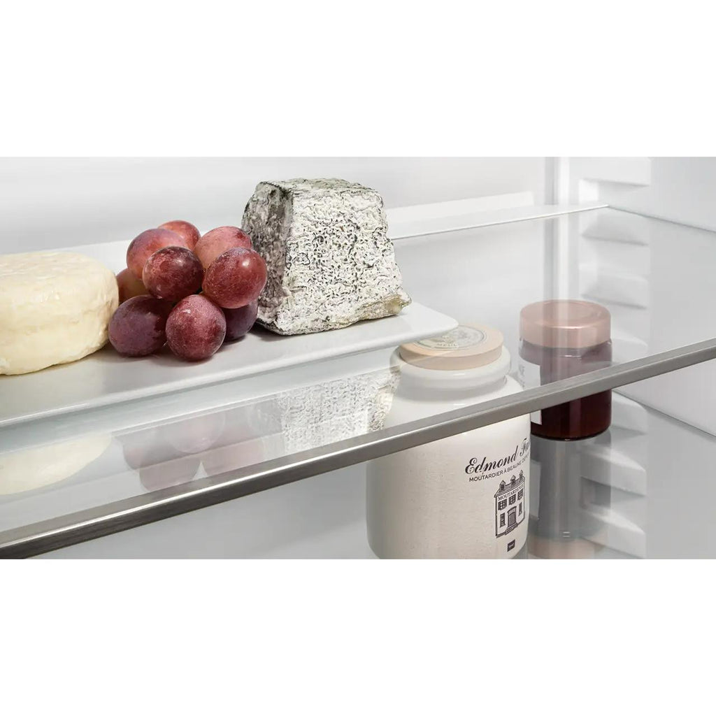 If you store a carafe or tall container in the refrigerator, you don't want to have to remove an entire glass shelf. And why should you? Because there are split glass shelves. Simply slide the front half of the glass shelf under the back half. This allows you to place higher containers at the front and still have enough space for other food.
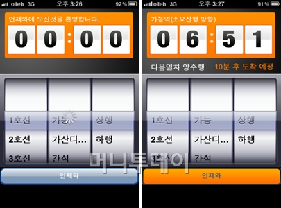하지만, 스마트폰 사용자에게 이런 이야기는 옛날 이야기다. '언제와'를 이용하면 지하철 도착 시간을 실시간으로 확인할 수 있기 때문. '언제와'는 서울시에서 제공하는 정보를 토대로 실시간 지하철 도착 정보를 제공하는 앱이다. 간단한 구성으로 사용하기 쉬운 인터페이스를 제공한다.
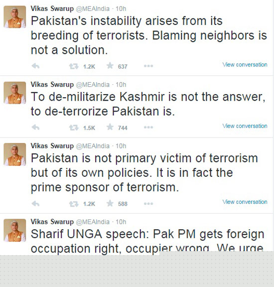 কাশ্মীর সমস্যার সমাধানে নওয়াজ শরিফের বাতলে দেওয়া ‘চার পয়েন্ট’ ফর্মুলার উত্তরেই পাকিস্তানকে এক হাত নিয়েছে ভারত। সন্ত্রাসের পীঠস্থান বলে পাকিস্তানকে আক্রমণ করে গত কালই টুইট করেন বিদেশমন্ত্রকের মুখপাত্র বিকাশ স্বরূপ। চার দফা প্রস্তাবের মধ্যে নিঃশর্ত ভাবে কাশ্মীর এবং সিযাচেন থেকে সেনা প্রত্যাহার এবং ২০০৩ সালের সংঘর্ষবিরতি চুক্তি মেনে চলার কথা বলেছেন নওয়াজ। ভারতের কড়া জবাব, সেনা প্রত্যাহার নয়, বরং কাশ্মীরে শান্তি ফেরাতে জঙ্গিদের হঠাতে মন দিক পাকিস্তান। পাকিস্তানকে সন্ত্রাসের বলি বলে আখ্যা দিয়েছিলেন নওয়াজ। তারও জবাব বেশ কড়া ভাবেই দিয়েছে ভারত। বিদেশমন্ত্রকের মুখপাত্র বিকাশ স্বরূপ এ দিন টুইট করে বলেন, ‘‘পাকিস্তান সন্ত্রাসের বলি নয়, সন্ত্রাসের পীঠস্থান। সন্ত্রাসবাদীদের যাবতীয় প্রয়োজনীয় যোগান দেয় তারা।’’ কাশ্মীরের সঙ্গে প্যালেস্তাইনের তুলনা করে নওয়াজ বলেছিলেন, “বিদেশি শক্তির হাতে লাঞ্ছিত হচ্ছেন ওই এলাকার মানুষ।” পাল্টা টুইটে বিকাশের দাবি, “বিদেশি শক্তির কথা বলে নওয়াজ ঠিকই বলেছেন। আর তাঁর সেই সূত্রেই পাক অধিকৃত কাশ্মীর থেকে ‘বিদেশি’ পাকিস্তানের অবিলম্বে সরে যাওয়া উচিত।”
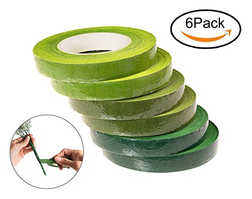 U-star 6 Rolls Green Floral Tape Stem Wrap Tape For Bouquet Stem Wrap 1/2" x 30 Yards Florist Stem Wrap
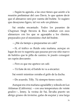 —De acuerdo, Tilly. Tú siempre tienes razón.
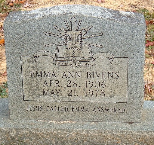 April 26, 1906 | May 21, 1978 | Jesus called, Emma answered. D/o Andrew & Martha Smalling Bivens |
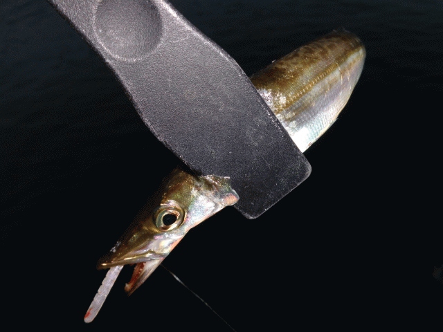 これで回遊のある表層を中心にダートさせ、捕食スイッチを入れる戦法。
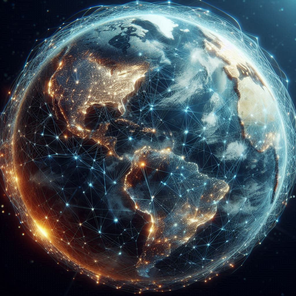 An illustration of the Earth at night with city lights and a network of glowing lines connecting different parts of the globe.
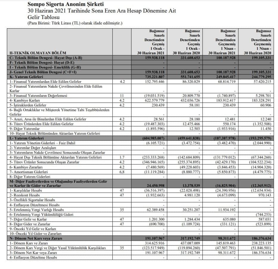 Ancak şirketin Haziran sonu yani ikinci çeyrek bilançoları incelendiğinde kârlılıkta rekor oranda düşüş yaşandığı gözleniyor. Bağımsız denetimden geçmiş verilere göre 2020 yılı Haziran ayında 317 milyon lira kâr açıklayan Sompo Sigorta bu yılın ilk altı ayında 191 milyon lira kâr açıkladı. Sigorta şirketinin kârı yüzde 40 gibi rekor oranda düşüş kaydetti.
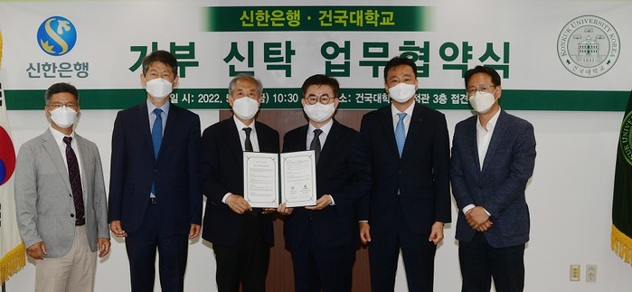 신한은행 관계자는 “건국대학교와의 업무협약을 계기로 누구나 쉽게 신탁으로 기부에 참여할 수 있다는 걸 알게 되길 기대한다”며 “앞으로도 신탁을 활용한 기부문화가 확산될 수 있도록 적극 지원해 ESG 경영의 선두주자로서의 입지를 공고히 하겠다”고 말했다.
+ + + + +
**Your task**:
Could you transcribe exactly the entries above, but only the lines from the one with "siempre tienes razón." through the one with "An illustration of", and without pictures?

**Answer space**:
 —De acuerdo, Tilly. Tú siempre tienes razón.
 April 26, 1906 | May 21, 1978 | Jesus called, Emma answered. D/o Andrew & Martha Smalling Bivens |
 これで回遊のある表層を中心にダートさせ、捕食スイッチを入れる戦法。
 An illustration of the Earth at night with city lights and a network of glowing lines connecting different parts of the globe.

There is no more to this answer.